Brussels Beer Project “was first driven by social entrepreneurship and the idea of having a local impact,” Morvan said. “The environment wasn’t a priority when we started in 2013, but just like society evolves, we learned.” Environmental awareness started growing in “the last two or three years” and thanks to a push from some of the employees, “our objective now is to become a zero-waste brewery and aim toward zero plastic waste.”
The company wants to create an environmental board that would sit next to its executive board. It also recently committed to reduce its water and electricity consumption, as well as its organic waste by 10 percent annually, be carbon neutral within the next two years and offset all its CO2 emissions since the start of the brewery.
Brussels Beer Project wants its second brewery — currently under construction — to be as energy efficient as possible. “Our objective is to be self-sufficient with our electricity supply,” Morvan said, adding it is working with Belgian energy company Bolt to create green biomass from the brewery’s organic waste to produce power.
Carlsberg plans to use only renewable electricity by next year, and to have zero carbon emissions from its breweries by 2030. AB InBev aims to use only renewable power by 2025 and to cut its CO2 emissions by 25 percent by that year.
Recognizable by its colorful marketing and creative, experimental beers inspired by the travels of co-founders Morvan and Olivier De Brauwere, Brussels Beer Project also operates five bars (two in Brussels, two in Paris and one in Tokyo) and exports worldwide. But with green consciousness growing, the company is questioning whether it should continue exporting beyond Europe.
“Overseas export is less a priority now than it was at the beginning,” Morvan said, explaining that the company is trying to minimize its carbon footprint by focusing on its priority markets — Brussels, Belgium, France and the Netherlands.
Brussels Beer Project isn’t the only brewery in town taking efforts in going green.
Yvan De Baets, co-founder of Brasserie de la Senne, said his new brewery, built in 2019, is only supplied with renewable energy coming from rooftop solar panels. It is also collecting rainwater, recovering heat from the brewing process and reusing CO2 produced by other industries.
“Our brewery waste, like spent grains, are recycled. We either give them to a local farmer, who uses them as cattle feed, to a company here in Brussels that grows mushrooms or to another that makes crackers,” he continued, adding: “Within the team, everybody is very aware of environmental issues.”
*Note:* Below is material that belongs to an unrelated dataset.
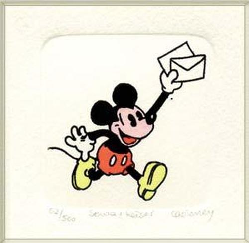 Originalradierung in Lizenz von Walt Disney. Handsigniert und nummeriert. Copyright by Walt Disney. Auflage 500. 3 3/8 x 3 3/8 inch. 8.5 x 8.5 cm. Ungerahmtes Blatt. Tadelloser Zustand. Andere Motive auf Anfrage verfügbar.

But “this costs a lot of money,” De Baets said. The solar panels wouldn’t have been possible without subsidies from the Brussels region.
Flanders’ Huyghe Brewery invested €35 million to upgrade its machines, save energy and reduce waste. It is also among the 14 signatories of the 2018 Green Deal with the Flemish government committing to reduce their water consumption.
The trend is picking up in the rest of the EU.
“A majority of the big brewers have set their vision for carbon neutrality either by 2025, by 2030 or by 2040,” said Drahomíra Mandíková, chair of the sustainability experts group of Brewers of Europe, a trade association. Decarbonization in the brewery sector “has accelerated recently, especially with the development of renewable electricity as a solution,” she added.
The lobby group, which represents more than 11,000 breweries, made sustainability a priority three years ago, focusing on sharing best practices notably on water and energy savings, as well as reducing packaging waste and making packaging easier to recycle, Mandíková said.
Still, the new wave of green beers has less of an ick factor than the Pisner produced by Danish brewer Nørrebro Bryghus, made from barley grown on fields irrigated with urine collected from festival-goers at Denmark’s Roskilde Festival in 2015.